Why is it that when working in the reals, we can choose our metric to be the absolute value in proving things pertaining to convergence

Question

From reading a basic real analysis text, it's never occurred to me to ask why convergence is defined using the absolute value as a metric. When I started reading Rudin, i've noticed that for more general metric spaces, we would also want to use a general metric. This make sense, as I assume there might be some metrics $d(x,y)$ that wouldn't be metrics had $x,y$ come from a different set perhaps. But why is it that in the reals, we are free to choose our metric to be the absolute value in proving things pertaining to convergence?

I am inclined to think that we are free to choose other metrics that make sense for the metric space we are dealing depending on what we are trying to achieve.

Answer 1

I assume you are familiar with the definition of a metric. There are certainly metrics which are very different from $|x-y|$. Just take any (crazy) bijection $\phi:\Bbb R\to\Bbb R$ and define the metric $d(x,y)=|\phi(x)-\phi(y)|$. But usually we make some natural assumptions, e.g. the compatibility of the metric with the other structures on $\Bbb R$, e.g. the field structure or order structure.

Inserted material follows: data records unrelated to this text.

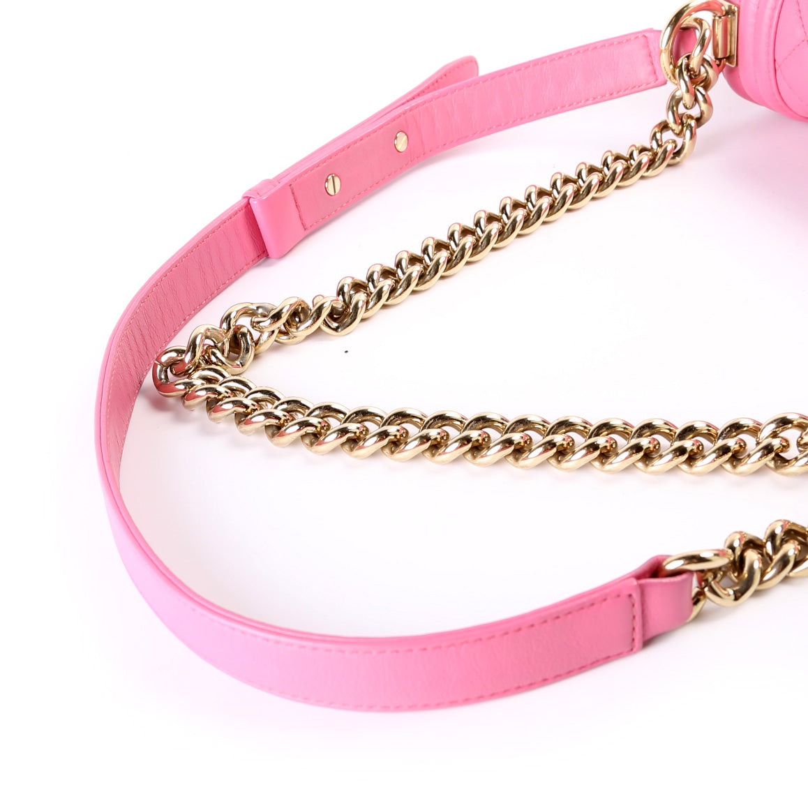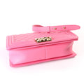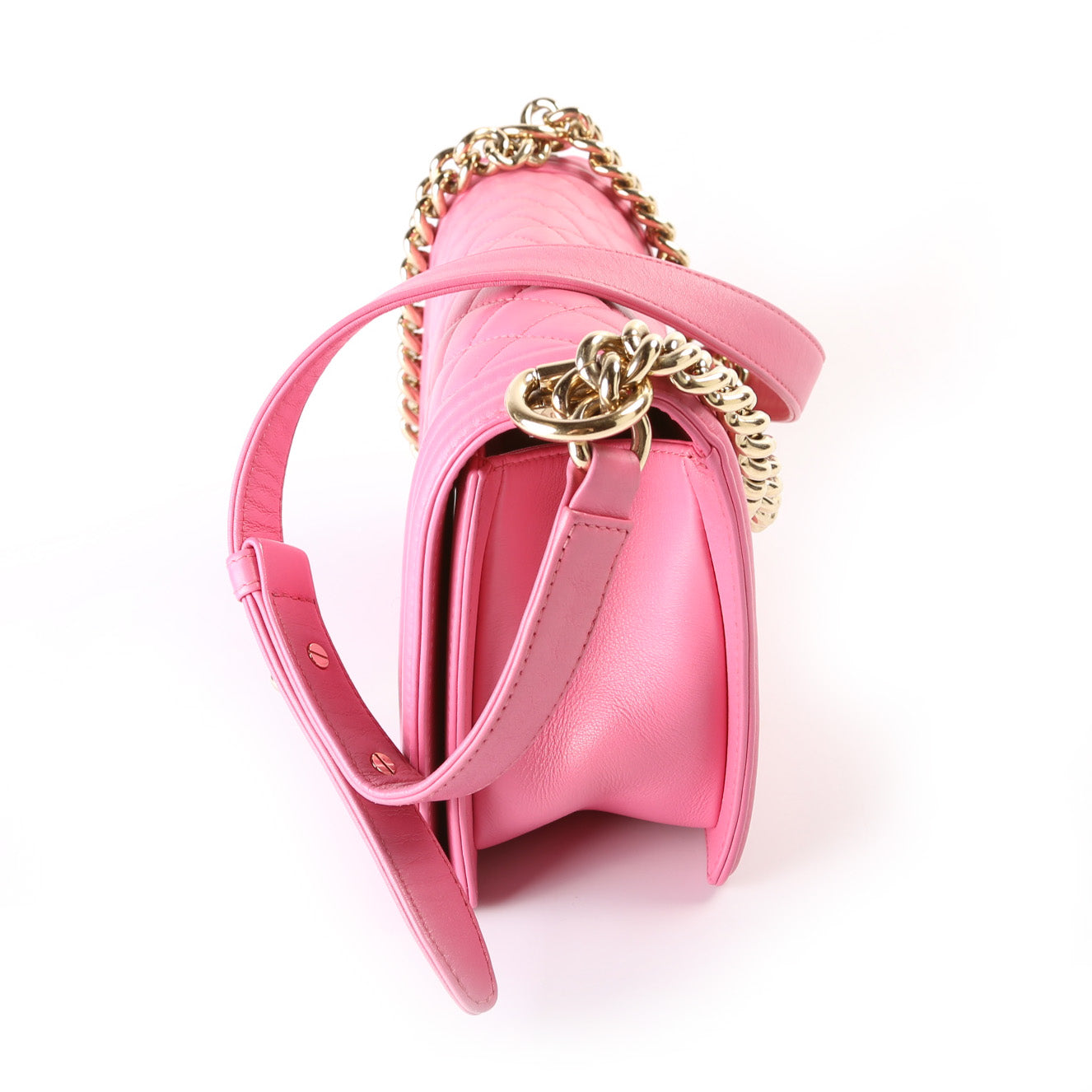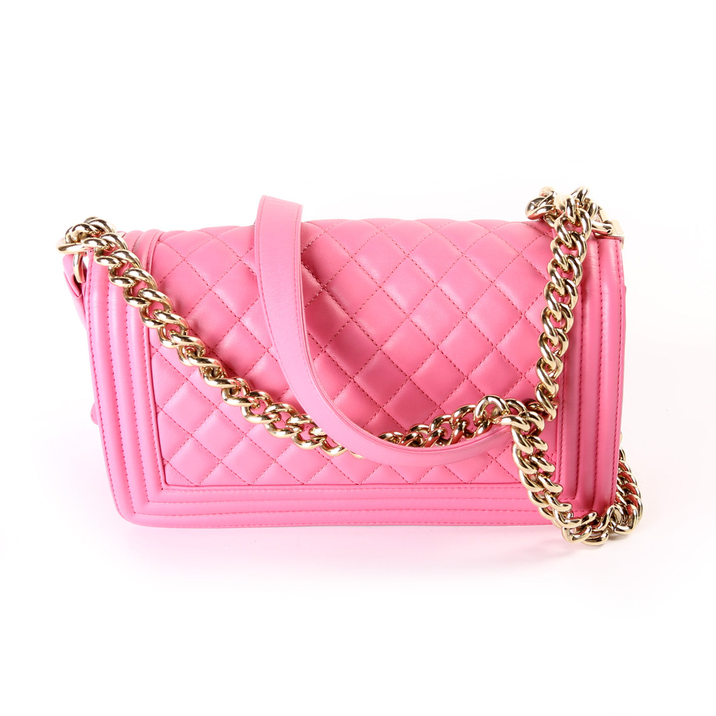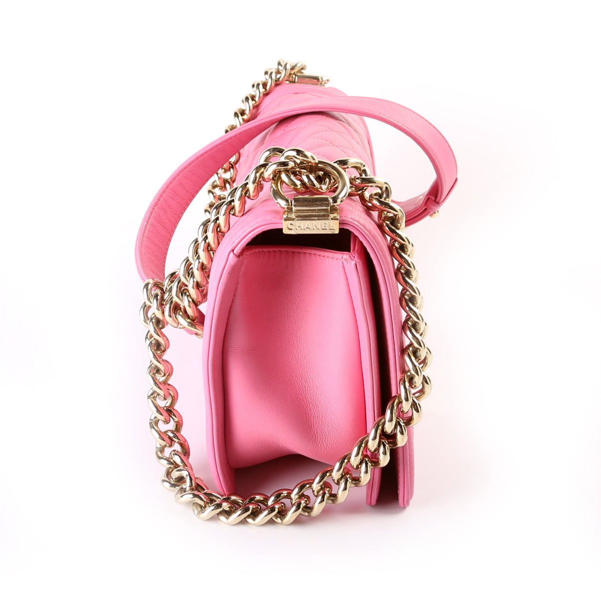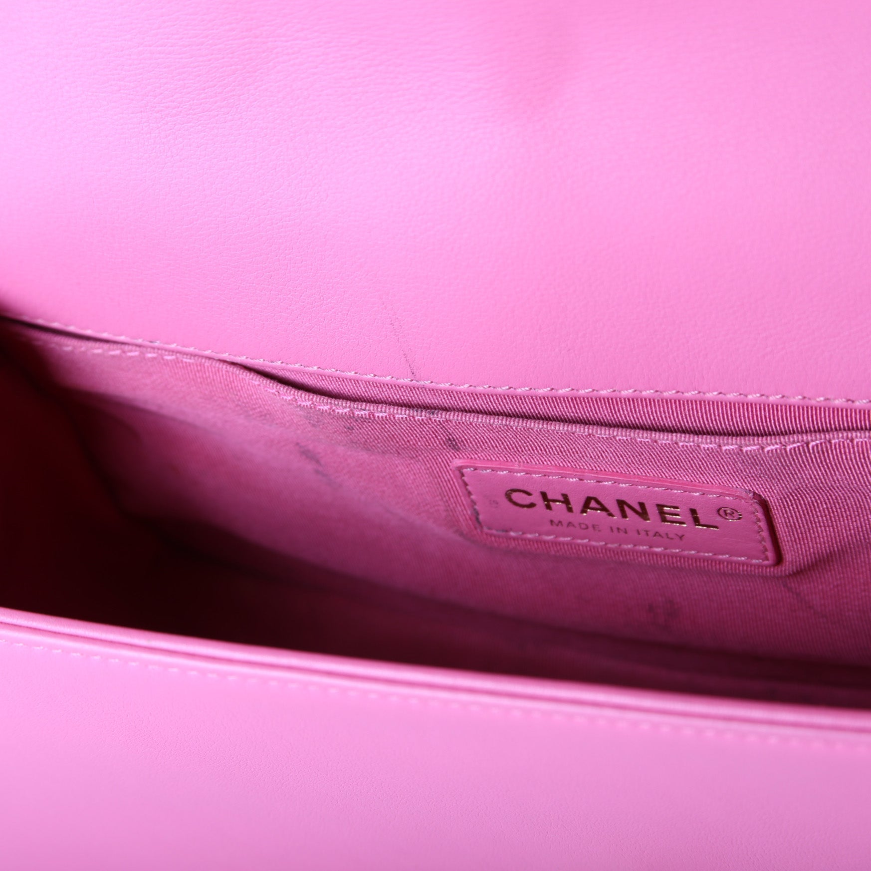 This Chanel Boy Flap Medium Newis eye catching bag. The exterior is in the classic Chanel Lambskin leather.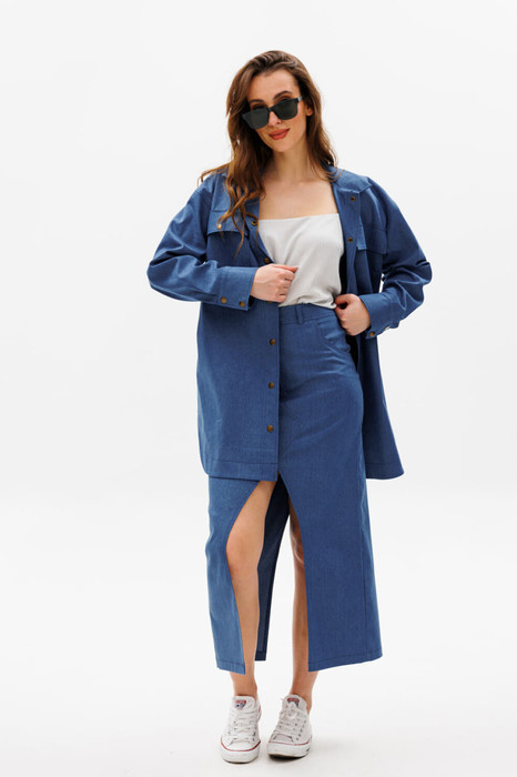 Элегантная юбка прямого силуэта длиной миди с разрезами на переднем и заднем полотнищах. Переднее полотнище с частичным запахом, имитацией боковых карманов с отрезным бочком. Заднее полотнище со средним швом, отрезной кокеткой, накладными карманами. Пояс притачной.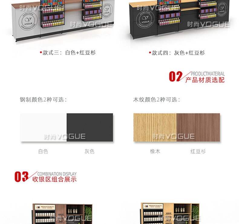 【樣式】主柜+轉角柜+側柜+后柜,可配置小前架、置物板、收銀抽屜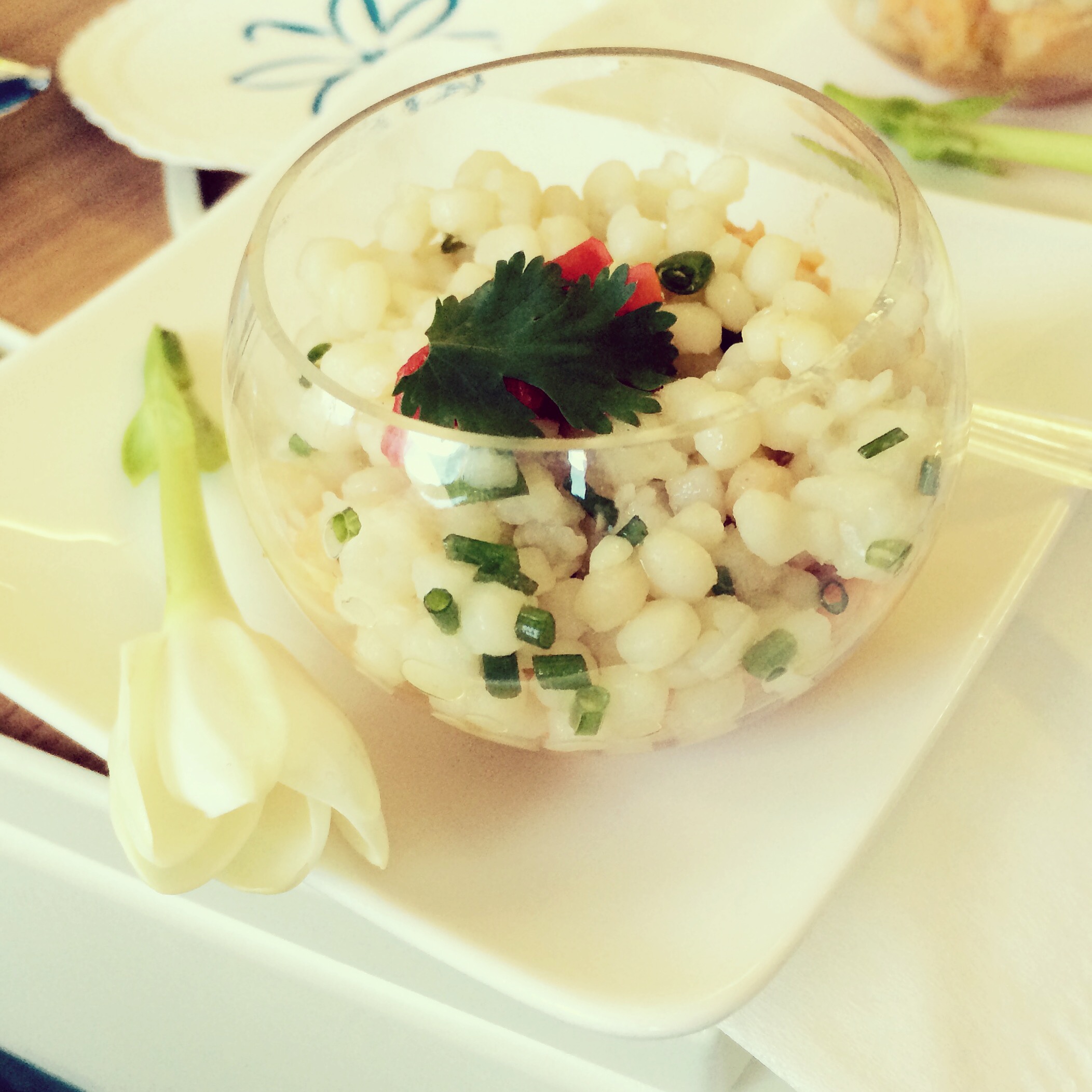 Our first official YOHO ruling as Husband & Wife – Upgrading our seats to Tahiti. As someone who has never flown business class, this was simply outrageous. Yes that is a delicate little glass bowl of Israeli cuscus with smoked duck on the bottom… (what in the world?!).IMG_2567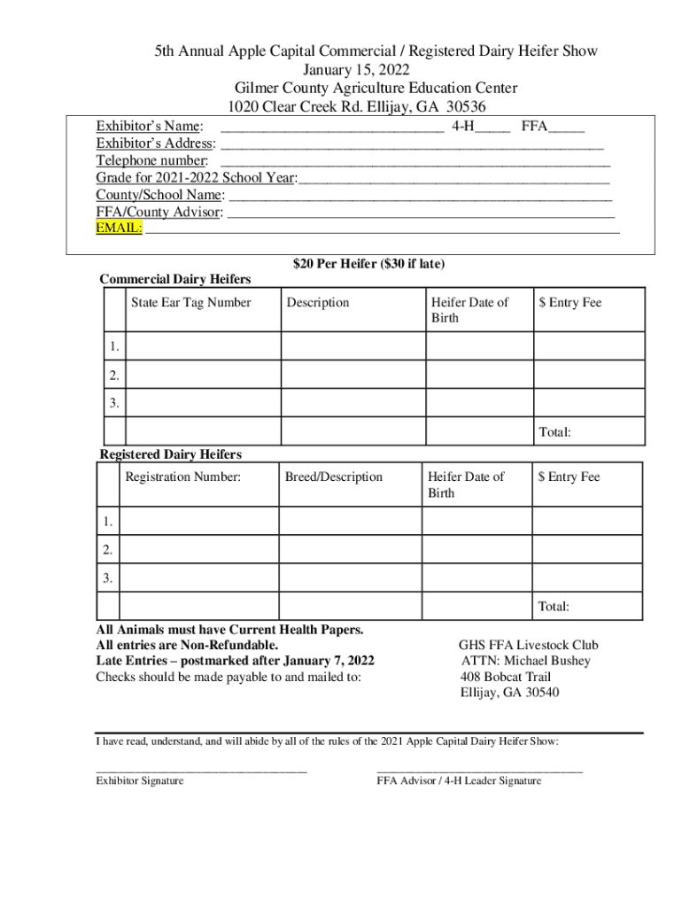 5th Annual Apple Capital Commercial / Registered Dairy Heifer Show January 15, 2022, Gilmer County Agriculture Education Center 1020 Clear Creek Rd. Elijah, GA 30536 Exhibitors Name: ___ 4H___ FFA___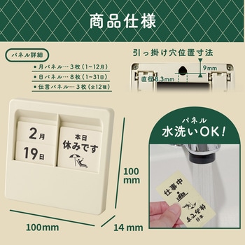 買い替え不要のパネル式万年カレンダーどんな空間にも馴染む3色展開ブラック/ホワイト/アイボリーを採用卓上で邪魔にならないコンパクトサイズ10cm×10cmの手のひらサイズです。3通りから選べる設置方法卓上置き、マグネット、吊り下げの3種類の設置方法が可能です。全12種の伝言メッセージパネル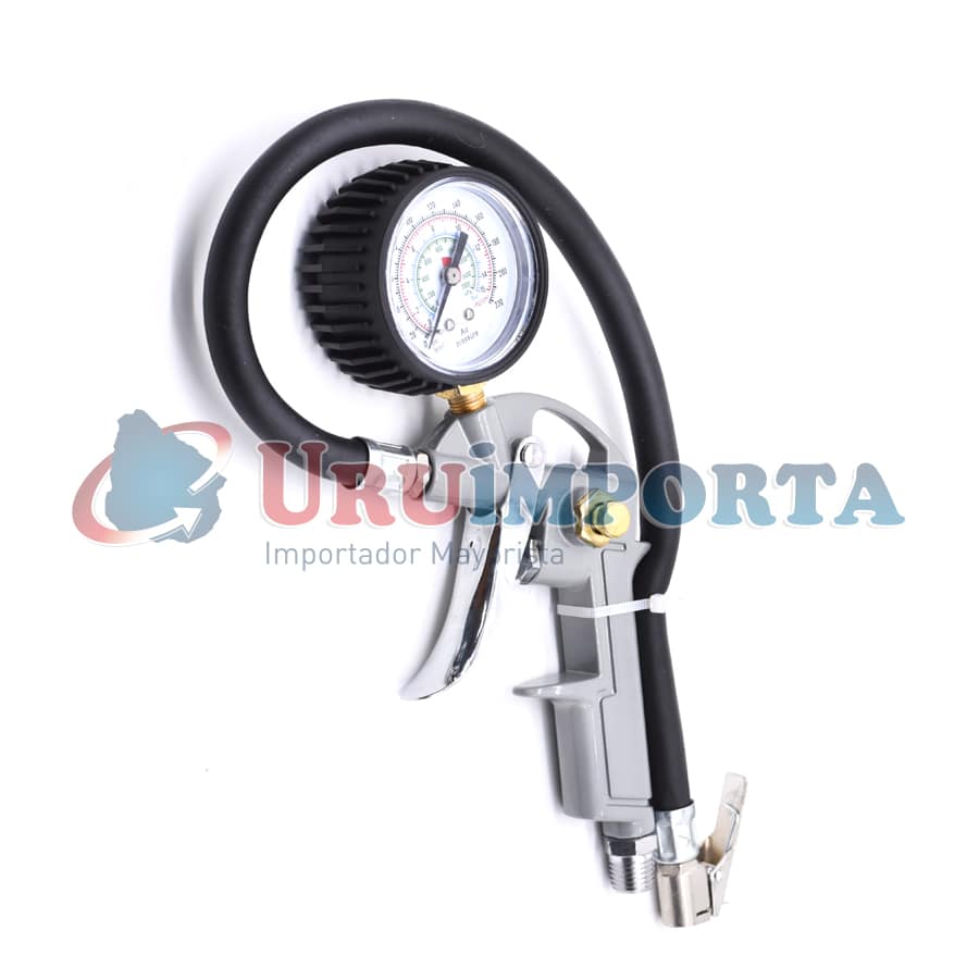 *Inflador con manómetro de 220PSI, 15bar, Kpa1500, reloj recubierto de goma, pico flexible y palanca en puntero para fijar el mismo con la válvula.
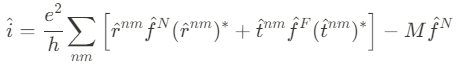 위 식에서 $\hat{f}^N(F)$는 NM(FM)에서의 Fermi distribution이며, M은 propagating channel, 그리고 $\hat{r}$, $\hat{t}$는 각각 reflection matrix, tansmission matrix이다.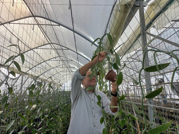Motti Sharon in one of the vanilla greenhouses in Israel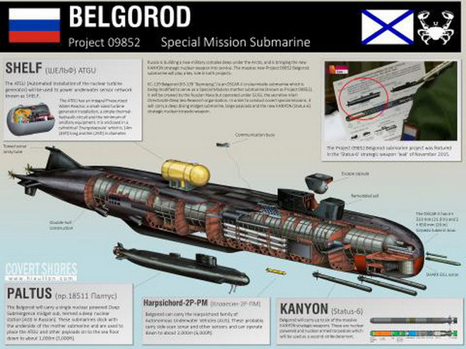 [ẢNH] Siêu ngư lôi hạt nhân Poseidon bị bóc mẽ chỉ mang được đầu đạn bằng...1/50 công bố
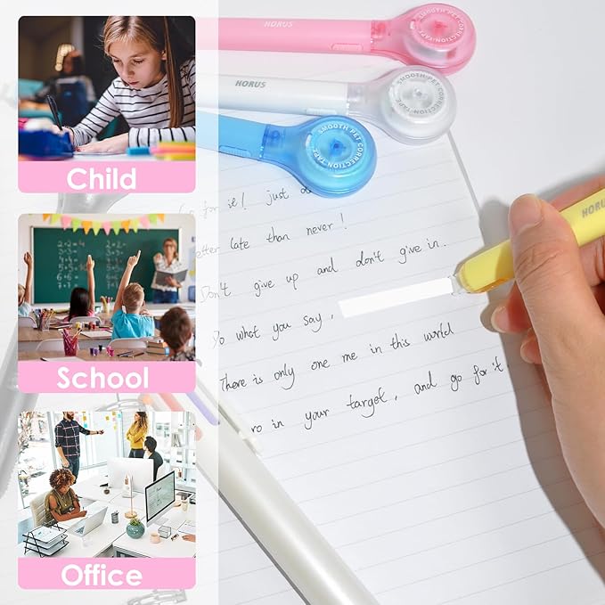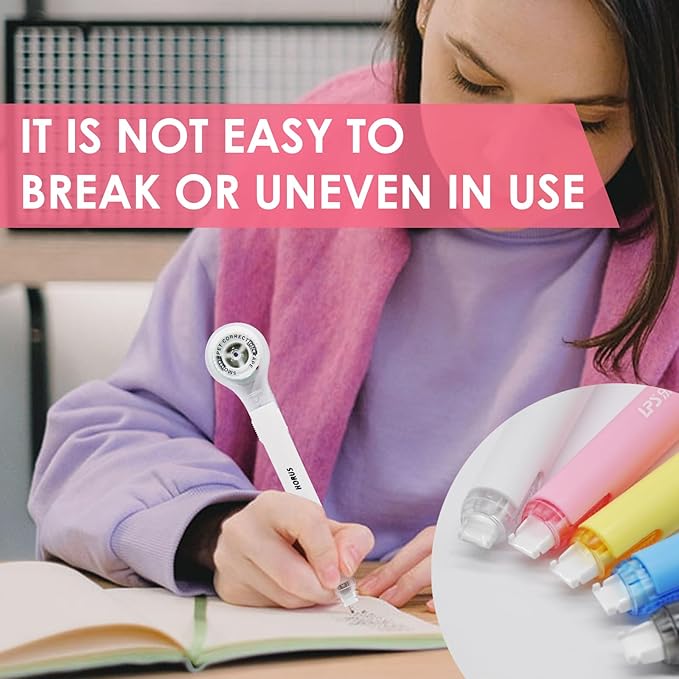 • Ergonomic Pen Design: Designed with a pen-like shape, these correction tapes are easy to grip and use, allowing for quick and precise corrections that save time and effort.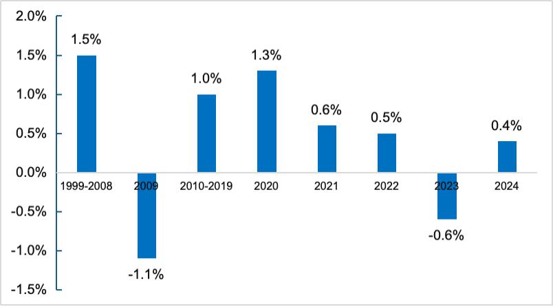 图 欧盟近年的劳动生产率增速(来源:欧盟统计局)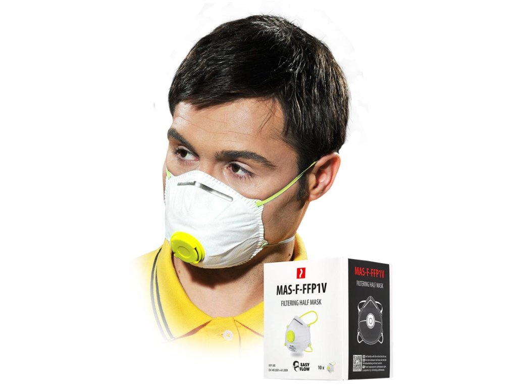 Respirátor proti prachu s ventilom.- Typ FFP1: ochrana pred netoxickými kvapalnými alebo pevnými aerosólmi (napr. olejová hmla) v koncentráciách 4,5xOEL alebo 4xAPF (OEL)

If our goal is to create a homogeneous metric space (one in which all points are essentially equal, there are no special points), then a natural assumptions is

• translational invariance, i.e. $d(x+\lambda,y+\lambda) = d(x,y)$ for all $\lambda\in\Bbb R$.

This means thats the distance of two numbers does not change when both numbers are shifted by the same amount. It is not hard to see that any translational invariant metric is given by

$$d(x,y) = \mu(|x-y|)$$

for some function $\mu:\Bbb R^{\ge 0}\to \Bbb R^{\ge0}$. The other axioms of a metric enforce $\mu(0)=0$ and subadditivity, i.e. $\mu(x+y)\le \mu(x)+\mu(y)$.

There are crazy subadditive functions which are not continuous (in the usual sense), and they all need the axiom of choice for construction. However, usually one adds another natural assumption. If we want the resulting topological space to be scale invariant, we can add the assumption of

• homogeneity, i.e. $d(\lambda x, \lambda y)=|\lambda|d(x,y)$ for all $\lambda\in\Bbb R$.

This means that when we scale the space by a factor of $\lambda$, then all distances scale by the same factor. But this assumption already forces $\mu(x)=kx$ for some $k>0$. And this means we have

$$d(x,y)=k|x-y|.$$

So you see that only these two natural assumptions do not leave us with much choice. However, you are free to drop either and look what other metrics are there. But it should be clear why $|x-y|$ might be a natural choice.

Answer 2

Of course that the choice of the metric depends upon what we are trying to achieve. Take, for instance, the spacee $\mathcal{C}\bigl([0,1]\bigr)$ of all continuous functions from $[0,1]$ into $\mathbb R$. If, in the context that you're working with, your idea of one function being close no another one is that, for each $x\in[0,1]$, $f(x)$ is close to $g(x)$, then you consider the metric$$(f,g)\mapsto\sup_{x\in[0,1]}\bigl|f(x)-g(x)\bigr|.$$And if being close means that the area limited by their graphs is small, then you consider the metric$$(f,g)\mapsto\int_0^1\bigl|f(x)-g(x)\bigr|\,\mathrm dx.$$

Answer 3

As a norm is absolutely homogeneous and definite, one can easily show, that every norm on $\mathbb{R}$ is the absolute value times a positive constant. So at least for all induced metrices is the convergence the same, when you use the absolut value.

Note: This would also follow immediately by the norm equivalence in finite dimensional spaces. I am not sure, if one can extend this statement for all metrices.